The strongest of the 1986 Self-Portraits are not only on a par with Warhol’s best work from the ’60s, but are also among the most powerful self-portraits made by anyone, ever. As to which is my favorite among the many diverse pieces in the series, the red painting that appeared on the Art in America cover still has the ability, even in reproduction, to take my breath away. I find it to be the most potent of the single-color-plus-black paintings in the series – not because it was the first with which I became familiar, but because it very well may be the best.

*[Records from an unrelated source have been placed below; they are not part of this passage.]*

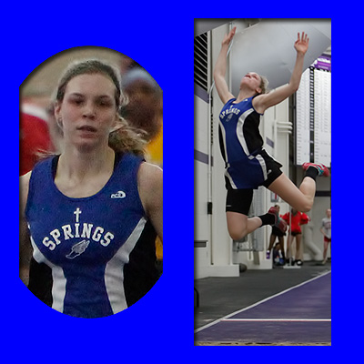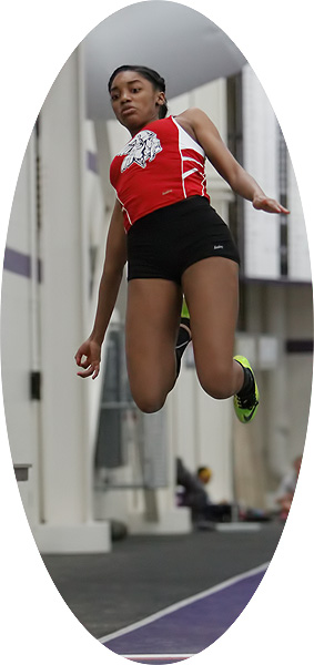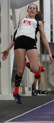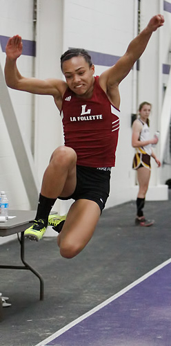 Right: LJ Champion Nadia Williams a junior from Mount Horeb [18' 03]. Williams winning jump is shown on the right .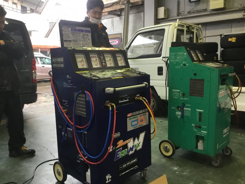 今回の機械の導入により、当店ではありとあらゆるエアコンガスの交換に対応することが可能となりました!!
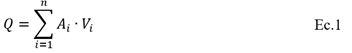 Vi = Velocidad media i-enésima del agua, en m/s.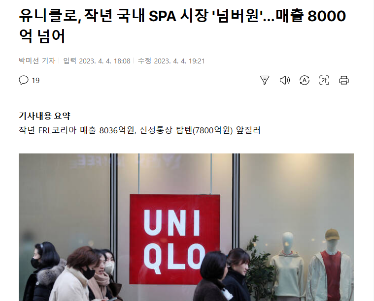 ユニクロの2021会計年度(2020年9月~2021年8月)の売り上げは5824億ウォンで、トップテンの2021年年間売り上げ5850億ウォンより低かった。当時、ノージャパン運動の余波で国内SPAブランド1位のタイトルをトップテンに奪われ、トップテンは異例の成果を上げて注目された。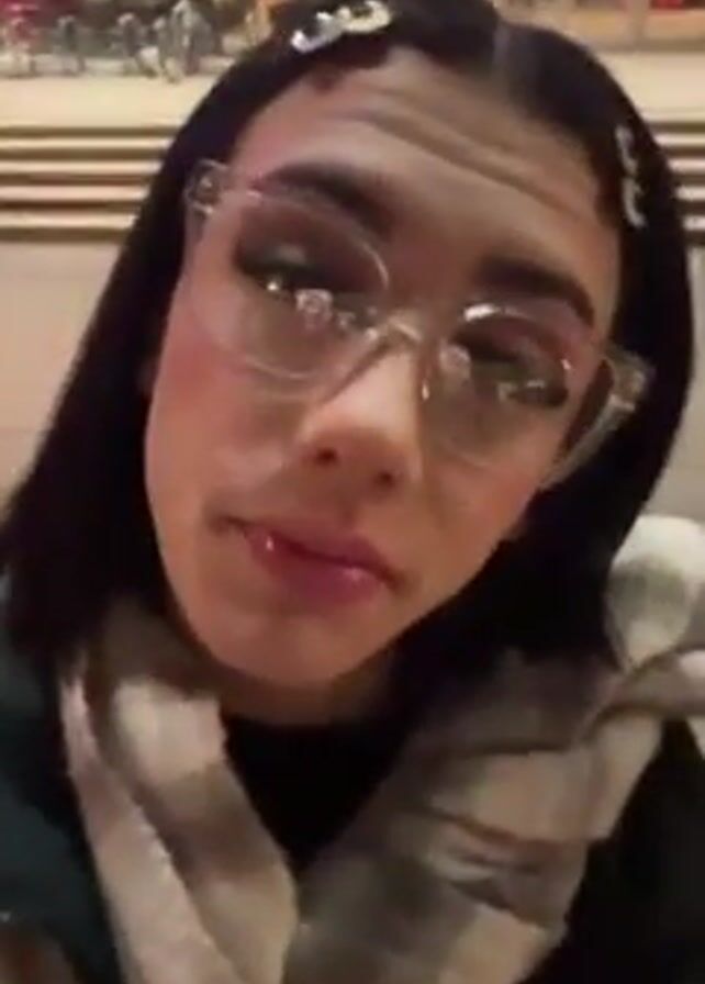 A medium shot shows a young woman with long, dark hair and clear-rimmed glasses, standing outside in what appears to be an urban environment. She is wearing a neutral-colored scarf and a dark jacket or top. Her hair is adorned with decorative clips, possibly butterfly-shaped. The background shows blurred lights and architectural elements, suggesting a building facade. There is signage visible, including the word "CINEPLEX," indicating a movie theater. The woman looks directly at the camera with a neutral expression. The camera appears to be hand-held, as there is some slight movement.

However, the self-portrait/camouflage pieces are particularly effective, as the camouflage adds the intimation that there is more present than what one can see – that the “Andy Warhol” persona is a cover.6 I haven’t seen any actual red/pink camouflage variations like the one pictured in Bourdon’s book, but based on the reproductions, I prefer them to the other camouflage color combinations.7 With the predominance of red, they echo the red painting I like so much, and they also feature the stark black backgrounds that contribute to the immediacy of the image.

This red/pink camouflage Self-Portrait, along with others from the series and some of his concurrent Camouflage and Last Supper paintings, suggests that Warhol was invigorated and, had he lived, could have entered an artistic renaissance in the third act of his career. If only.

 

1 Admittedly, although Warhol’s death hit me pretty hard, fifty-eight seemed pretty old at the time – such is the folly of youth. Death was a recurring theme in Warhol’s art throughout his career, starting with the hand-painted 129 Die in Jet (Plane Crash) in 1962.

2 I would later see others in Andy Warhol: Portraits at the Crocker Art Museum (2016) and in From A to B and Back Again at the San Francisco Museum of Modern Art (2019).

3 The others are the Oxidation, Shadow, Egg, Yarn, and Rorschach works, all of which are still relatively unknown.

4 Abrams, 1989. If one could only own one book on Warhol, this wouldn’t be a bad choice – lots of color reproductions and documentary photographs, an informative and entertaining text, plus a hysterical front cover photo of Warhol in a closet.

5 The Museum of Modern Art, New York, 1989. Although I was aware of the show during its two runs in the US, I did not see it. Sadly, a trip to New York City or Chicago just wasn’t in the cards.

6 Although this would seem to be obvious, over the years I’ve heard many rants about things he’d said, even though he was rarely able to stay completely in character – sometimes he could barely contain his laughter.

7 When these paintings were made, red and pink was an unfamiliar and unexpected color scheme for the pattern. In the decades since, brightly-colored camouflage has become more common, particularly in fashion – influenced, I’m sure, by Warhol’s paintings.